(What you will do): Retype the listing exactly, minus its pictures.

BEGIN Collected data

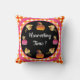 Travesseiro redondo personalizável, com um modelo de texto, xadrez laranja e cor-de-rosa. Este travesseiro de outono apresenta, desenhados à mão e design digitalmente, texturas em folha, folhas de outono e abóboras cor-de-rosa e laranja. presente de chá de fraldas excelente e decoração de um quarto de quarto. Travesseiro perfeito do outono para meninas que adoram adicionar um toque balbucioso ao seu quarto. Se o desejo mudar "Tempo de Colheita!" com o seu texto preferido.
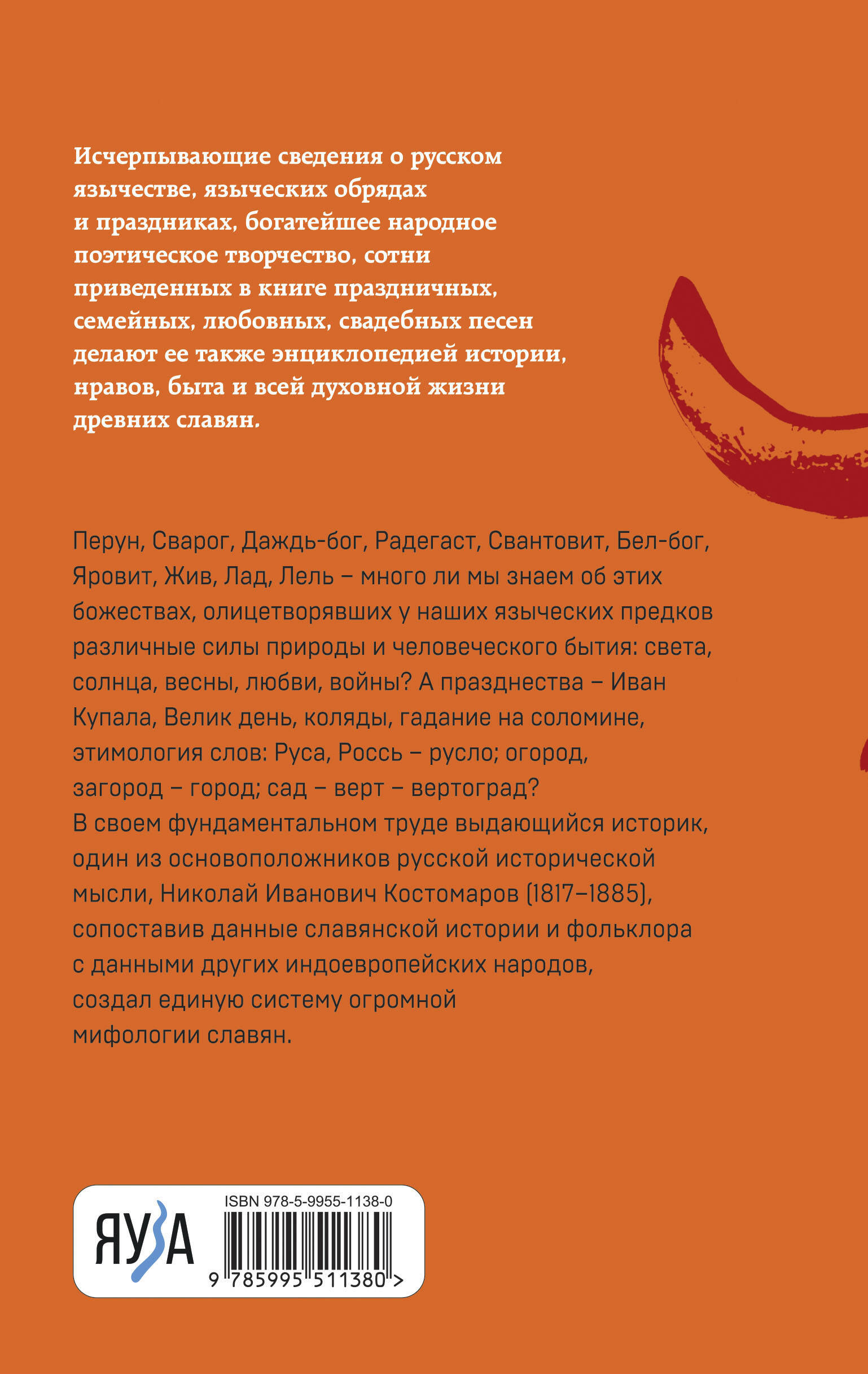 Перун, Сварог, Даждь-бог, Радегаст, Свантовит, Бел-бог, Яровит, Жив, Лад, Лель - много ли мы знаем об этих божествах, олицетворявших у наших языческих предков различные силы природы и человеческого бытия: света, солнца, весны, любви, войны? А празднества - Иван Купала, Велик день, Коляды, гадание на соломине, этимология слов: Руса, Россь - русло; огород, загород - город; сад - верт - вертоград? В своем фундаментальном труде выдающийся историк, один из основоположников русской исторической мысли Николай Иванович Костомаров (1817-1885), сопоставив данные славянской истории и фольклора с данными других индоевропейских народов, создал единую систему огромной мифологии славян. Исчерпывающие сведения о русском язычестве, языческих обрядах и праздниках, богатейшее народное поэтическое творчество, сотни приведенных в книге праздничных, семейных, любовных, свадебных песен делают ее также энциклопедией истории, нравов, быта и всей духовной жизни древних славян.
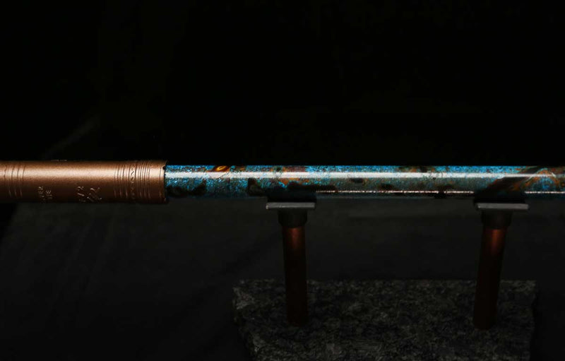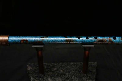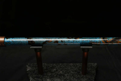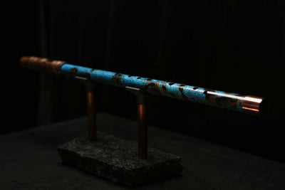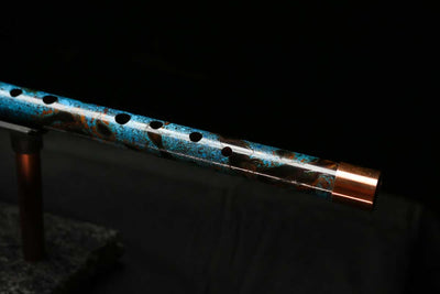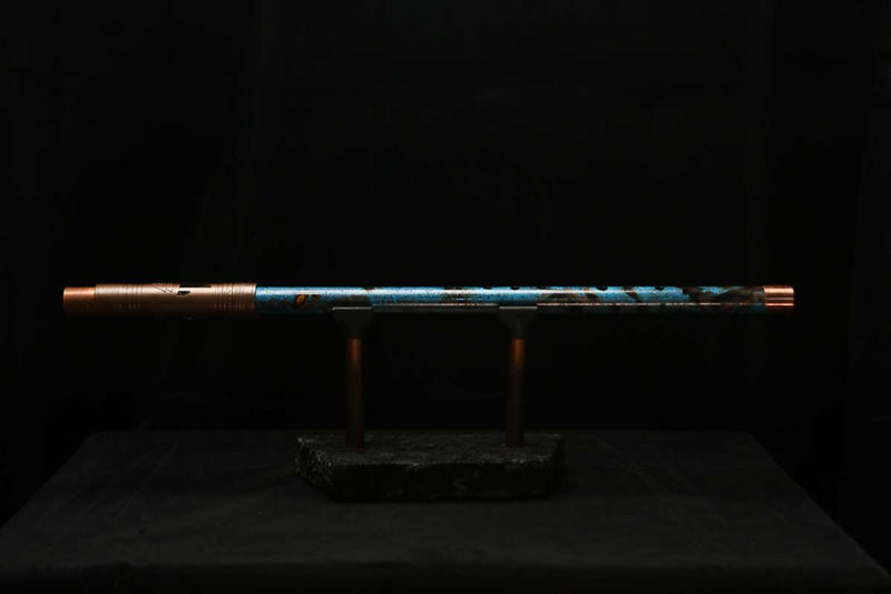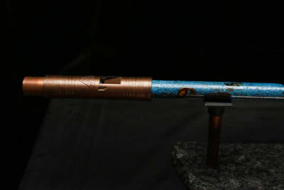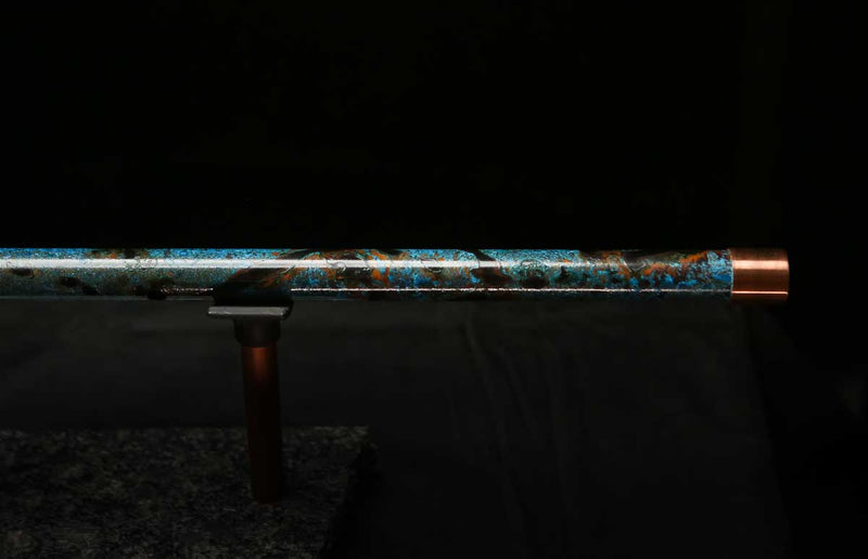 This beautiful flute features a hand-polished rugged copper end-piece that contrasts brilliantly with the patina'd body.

END Collected data

(Reply to the task):
 Travesseiro redondo personalizável, com um modelo de texto, xadrez laranja e cor-de-rosa. Este travesseiro de outono apresenta, desenhados à mão e design digitalmente, texturas em folha, folhas de outono e abóboras cor-de-rosa e laranja. presente de chá de fraldas excelente e decoração de um quarto de quarto. Travesseiro perfeito do outono para meninas que adoram adicionar um toque balbucioso ao seu quarto. Se o desejo mudar "Tempo de Colheita!" com o seu texto preferido.
 Перун, Сварог, Даждь-бог, Радегаст, Свантовит, Бел-бог, Яровит, Жив, Лад, Лель - много ли мы знаем об этих божествах, олицетворявших у наших языческих предков различные силы природы и человеческого бытия: света, солнца, весны, любви, войны? А празднества - Иван Купала, Велик день, Коляды, гадание на соломине, этимология слов: Руса, Россь - русло; огород, загород - город; сад - верт - вертоград? В своем фундаментальном труде выдающийся историк, один из основоположников русской исторической мысли Николай Иванович Костомаров (1817-1885), сопоставив данные славянской истории и фольклора с данными других индоевропейских народов, создал единую систему огромной мифологии славян. Исчерпывающие сведения о русском язычестве, языческих обрядах и праздниках, богатейшее народное поэтическое творчество, сотни приведенных в книге праздничных, семейных, любовных, свадебных песен делают ее также энциклопедией истории, нравов, быта и всей духовной жизни древних славян.
 This beautiful flute features a hand-polished rugged copper end-piece that contrasts brilliantly with the patina'd body.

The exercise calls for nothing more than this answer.